Schon seit Jahren kooperiert die FEP mit der Awo Sonnenstein, Träger einer anerkannten Werkstatt für Behinderte. Weil die dort beschäftigten Menschen nach Auskunft von Ingo Mangelsdorf, Leiter des Bereiches Arbeit bei der Awo, möglichst viel am normalen Leben teilhaben sollen, arbeiten nicht alle Klienten in speziellen Einrichtungen. Der caritative Verein setzt vor allem auf Außenarbeitsplätze, dort arbeiten Menschen in sogenannten geschützten Arbeitsverhältnissen direkt in großen Betrieben, die Awo betreut sie vor Ort.

Die Wiege dieses Gemeinschaftsprojekts steht bei der FEP, sie war das erste Unternehmen in der Pirnaer Region, in der es Außenarbeitsplätze gab. Derzeit sind im Werk 39 Klienten in den Außenarbeitsplätzen beschäftigt. Und daraus soll noch viel mehr erwachsen. Ein bis zwei Beschäftigten aus diesen geschützten Arbeitsverhältnissen, so das Ziel, will die FEP jährlich einen festen Job bieten und sie auf diese Weise in den freien Arbeitsmarkt integrieren. „Als größter Arbeitgeber in Pirna wollen wir so auch unserer sozialen Verantwortung gerecht werden“, sagt Peter Weber, Vorsitzender der FEP-Geschäftsführung. Aber die soziale Verantwortung ist nur ein Teil des Projekts. Der jeweils Auserwählte muss auch jene Leistung bringen, die von anderen Arbeitnehmern verlangt wird. Um herauszufinden, ob der Proband für den Alltag im normalen Arbeitsleben gerüstet ist, beginnt der Übergang vom geschützten in ein freies Arbeitsverhältnis mit einem längeren Praktikum. „Anfangs hatte ich ein paar Bedenken, aber es dauerte nicht lange, dann lief es richtig gut“, sagt Perry. Er arbeitete im Versand und in der Behälterwaschanlage. Er kam stets pünktlich, war freundlich, nett zu den Vorgesetzten, erledigte seine Arbeit rasch und eigenständig. „Wir haben schnell gewusst, dass er für die Stelle geeignet ist“, sagt Steffen Schöffler, Perrys unmittelbarer Chef.

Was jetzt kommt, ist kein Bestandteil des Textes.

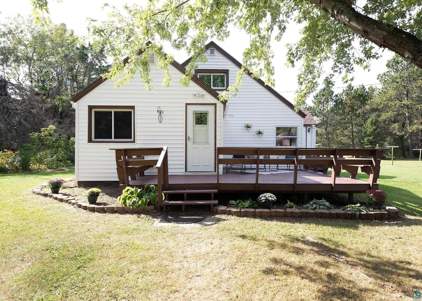 Welcome to this adorable 2-bedroom, 2-bathroom home, perfectly situated on a serene, private lot in a great location. This cozy home offers comfort and convenience, with modern finishes and a warm, inviting atmosphere. There is new carpet, lighting, and paint throughout the entire home. Vinyl siding and windows, along with a large wrap around deck that was just stained. 2 amazing garages, 32x24 (heated, insulated) and 24x18. There are beautiful trees and perennial gardens around the property. This home is ideal for anyone seeking a peaceful retreat while being just minutes away from the conveniences of town. Don't miss the opportunity to make this house your home!

Inzwischen hat der 49-Jährige aus Sebnitz den Arbeitsvertrag in der Tasche, momentan ist er in der Probezeit, klappt alles, schließt sich ab Anfang 2017 ein unbefristetes Arbeitsverhältnis an. Dann wartet eine 40-Stunden-Woche auf Perry, auch Schichtdienst, er soll voll integriert werden. Das ist auch sein persönlicher Wunsch. „Ich will einfach ganz normal behandelt werden“, sagt Perry.

Zu der Normalität gehört auch, dass die FEP ihm eine Arbeit gibt, die außerordentlich wichtig ist. Die FEP, insgesamt 450 Beschäftigte am Standort Pirna, rund 100 Millionen Euro Jahresumsatz, liefert vor allem Bauteile an große Automobilhersteller wie VW, Opel oder BMW. Dazu zählen beispielsweise Öldruckschalter, die in Motoren verbaut werden. Die Transportkisten liefert der Hersteller, die FEP schickt sie bestückt mit ihren Produkten zurück. Die Anforderung: Die Kisten müssen absolut sauber sein, jedes Staubkorn könnte später zu Motorschäden führen. Liefert die FEP verschmutzte Kisten, werden dafür teils empfindliche Geldstrafen fällig. Damit das erst gar nicht passiert, ließ das Unternehmen eine Behälterwaschanlage bauen. Und geht es nach der FEP, soll Perry kein Einzelfall bleiben. Weitere Beschäftigte aus geschützten Arbeitsverhältnissen sollen seinem Beispiel folgen, so denn alles passt.

Dass es bei ihm passt, scheint schon jetzt ohne Zweifel, zumal er seine Stelle gleich mit einem Neurervorschlag begann. Perry stellte fest, dass auf die Haltegitter in der Waschanlage mehr Teile passen, als er derzeit einstapeln kann – die Gitter waren einfach zu großzügig konstruiert. Perry schlug vor, neue Gitter mit kleineren Abständen zu bauen, so ließen sich in einem Waschgang mehr Teile reinigen und somit Wasser und Strom sparen. In Kürze bekommt Perry neue Haltegitter, Lehrlinge werden sie als Projektarbeit fertigen.